▶ EXERCISE AIM:
None of the images should appear in your copy. Transcribe the data in full.

▶ INFORMATION PROVIDED:
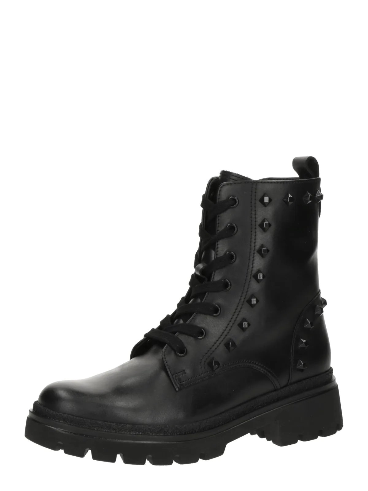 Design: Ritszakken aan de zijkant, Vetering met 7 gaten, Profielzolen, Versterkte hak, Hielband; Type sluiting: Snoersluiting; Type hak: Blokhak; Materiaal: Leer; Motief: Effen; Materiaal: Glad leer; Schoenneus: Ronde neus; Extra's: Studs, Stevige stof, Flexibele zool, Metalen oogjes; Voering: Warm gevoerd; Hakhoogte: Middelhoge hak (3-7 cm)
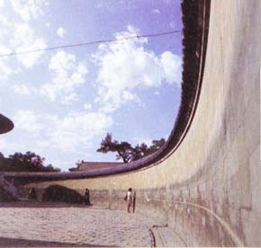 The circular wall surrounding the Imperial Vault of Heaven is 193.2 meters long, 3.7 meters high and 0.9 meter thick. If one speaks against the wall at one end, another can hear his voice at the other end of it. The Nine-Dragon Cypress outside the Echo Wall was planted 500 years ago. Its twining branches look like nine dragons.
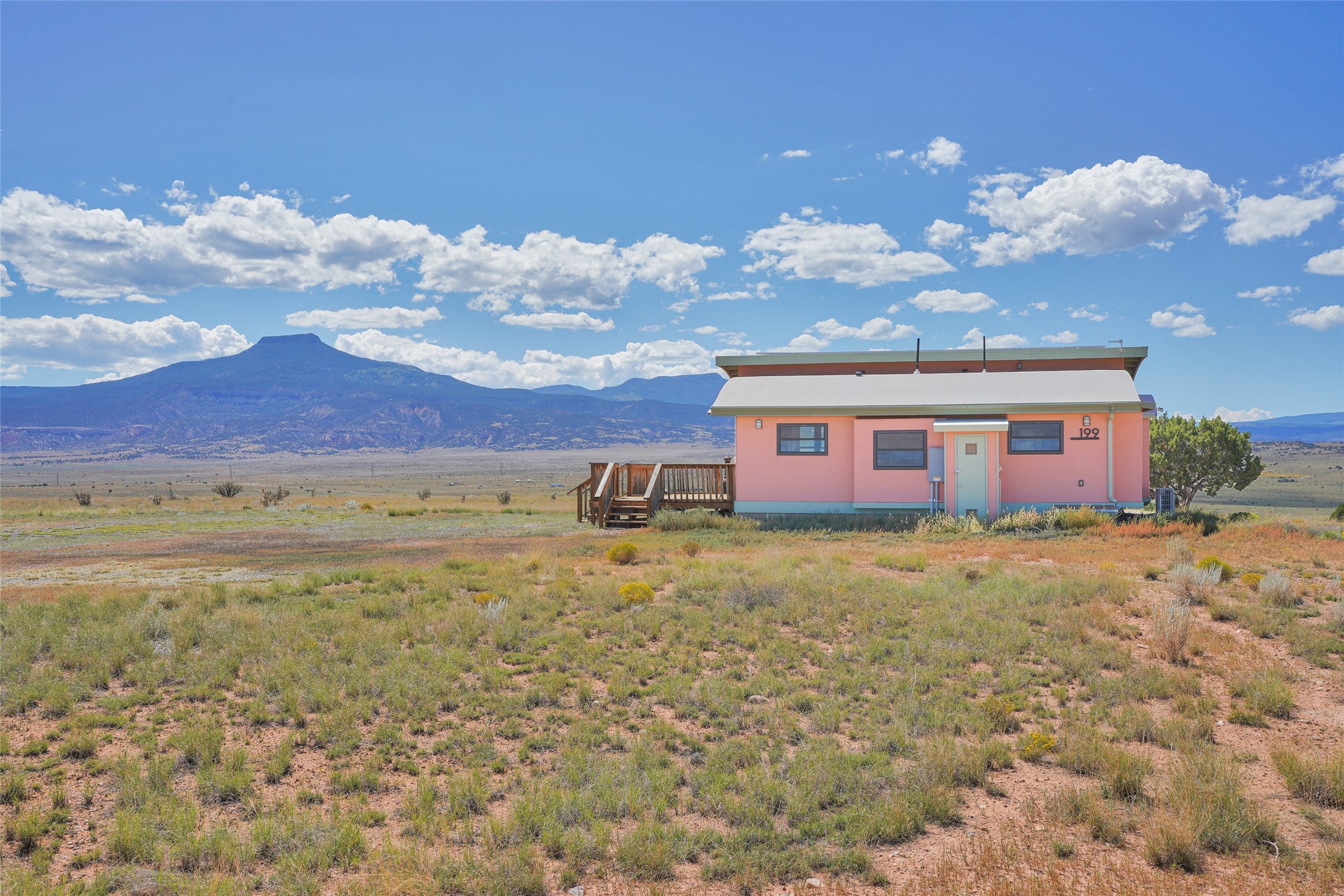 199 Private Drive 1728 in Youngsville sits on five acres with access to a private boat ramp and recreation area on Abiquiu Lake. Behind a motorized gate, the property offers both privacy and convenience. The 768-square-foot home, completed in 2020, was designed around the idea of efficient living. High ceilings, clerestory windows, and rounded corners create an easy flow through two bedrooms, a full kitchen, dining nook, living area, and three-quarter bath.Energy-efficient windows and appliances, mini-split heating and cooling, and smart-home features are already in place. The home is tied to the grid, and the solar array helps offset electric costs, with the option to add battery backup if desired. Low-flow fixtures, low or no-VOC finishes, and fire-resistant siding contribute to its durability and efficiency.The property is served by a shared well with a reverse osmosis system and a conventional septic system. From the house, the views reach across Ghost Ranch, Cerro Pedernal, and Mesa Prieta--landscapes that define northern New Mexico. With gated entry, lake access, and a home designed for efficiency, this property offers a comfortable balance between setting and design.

▶ RESPONSE TO THE EXERCISE:
 Design: Ritszakken aan de zijkant, Vetering met 7 gaten, Profielzolen, Versterkte hak, Hielband; Type sluiting: Snoersluiting; Type hak: Blokhak; Materiaal: Leer; Motief: Effen; Materiaal: Glad leer; Schoenneus: Ronde neus; Extra's: Studs, Stevige stof, Flexibele zool, Metalen oogjes; Voering: Warm gevoerd; Hakhoogte: Middelhoge hak (3-7 cm)
 The circular wall surrounding the Imperial Vault of Heaven is 193.2 meters long, 3.7 meters high and 0.9 meter thick. If one speaks against the wall at one end, another can hear his voice at the other end of it. The Nine-Dragon Cypress outside the Echo Wall was planted 500 years ago. Its twining branches look like nine dragons.
 199 Private Drive 1728 in Youngsville sits on five acres with access to a private boat ramp and recreation area on Abiquiu Lake. Behind a motorized gate, the property offers both privacy and convenience. The 768-square-foot home, completed in 2020, was designed around the idea of efficient living. High ceilings, clerestory windows, and rounded corners create an easy flow through two bedrooms, a full kitchen, dining nook, living area, and three-quarter bath.Energy-efficient windows and appliances, mini-split heating and cooling, and smart-home features are already in place. The home is tied to the grid, and the solar array helps offset electric costs, with the option to add battery backup if desired. Low-flow fixtures, low or no-VOC finishes, and fire-resistant siding contribute to its durability and efficiency.The property is served by a shared well with a reverse osmosis system and a conventional septic system. From the house, the views reach across Ghost Ranch, Cerro Pedernal, and Mesa Prieta--landscapes that define northern New Mexico. With gated entry, lake access, and a home designed for efficiency, this property offers a comfortable balance between setting and design.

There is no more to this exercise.